**WORK REQUIRED:** Starting at the line containing "10月5日,美联储公布的资产" and ending at the line containing "Trick it all", transcribe the listing below exactly. Keep both end lines, skip the pictures, and copy nothing else.

**STUDY MATERIAL:**
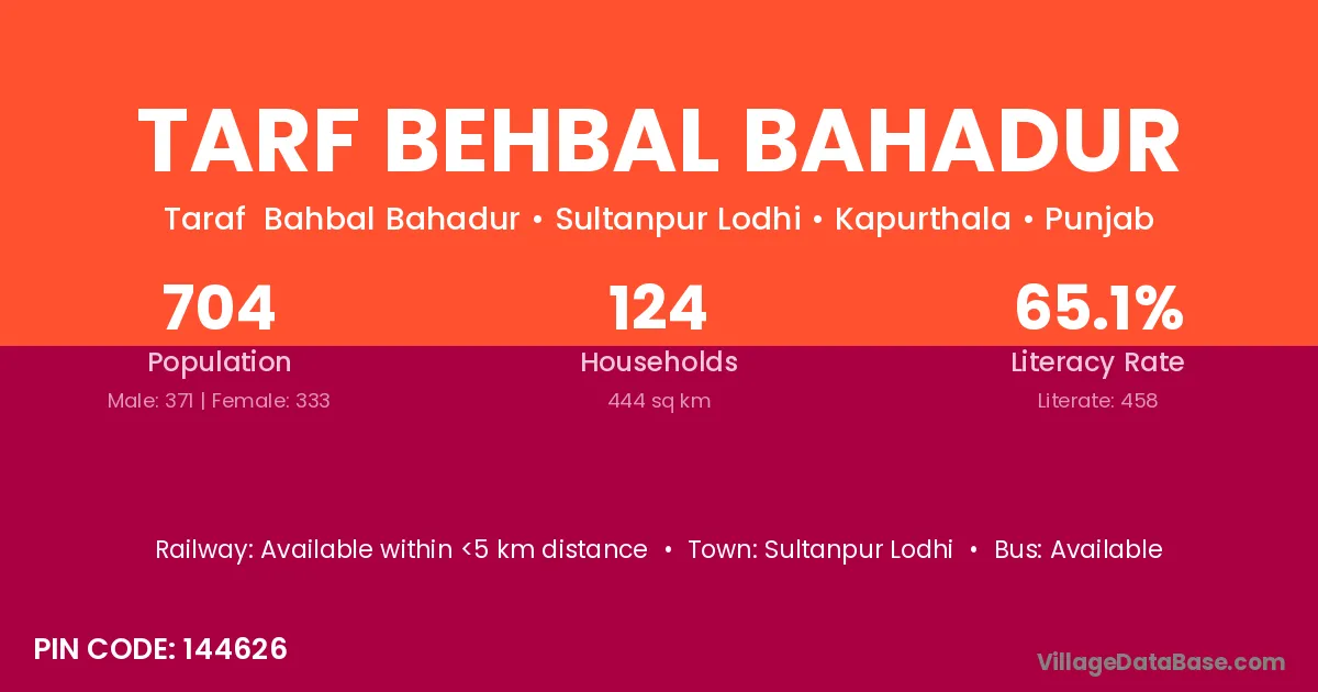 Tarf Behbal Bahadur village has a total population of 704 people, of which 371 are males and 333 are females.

--

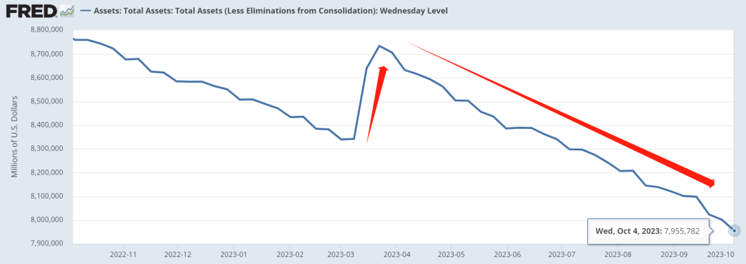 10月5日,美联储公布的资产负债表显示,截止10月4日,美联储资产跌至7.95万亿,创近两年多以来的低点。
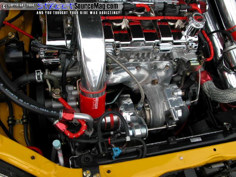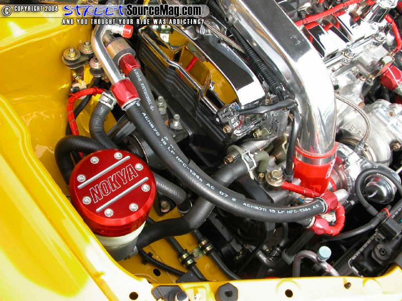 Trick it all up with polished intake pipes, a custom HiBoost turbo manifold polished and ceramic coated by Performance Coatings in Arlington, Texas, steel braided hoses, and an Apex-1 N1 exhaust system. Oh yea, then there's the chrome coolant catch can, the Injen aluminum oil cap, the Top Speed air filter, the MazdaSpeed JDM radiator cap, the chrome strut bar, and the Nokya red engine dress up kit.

**FINISHED TASK:**
 10月5日,美联储公布的资产负债表显示,截止10月4日,美联储资产跌至7.95万亿,创近两年多以来的低点。
 Trick it all up with polished intake pipes, a custom HiBoost turbo manifold polished and ceramic coated by Performance Coatings in Arlington, Texas, steel braided hoses, and an Apex-1 N1 exhaust system. Oh yea, then there's the chrome coolant catch can, the Injen aluminum oil cap, the Top Speed air filter, the MazdaSpeed JDM radiator cap, the chrome strut bar, and the Nokya red engine dress up kit.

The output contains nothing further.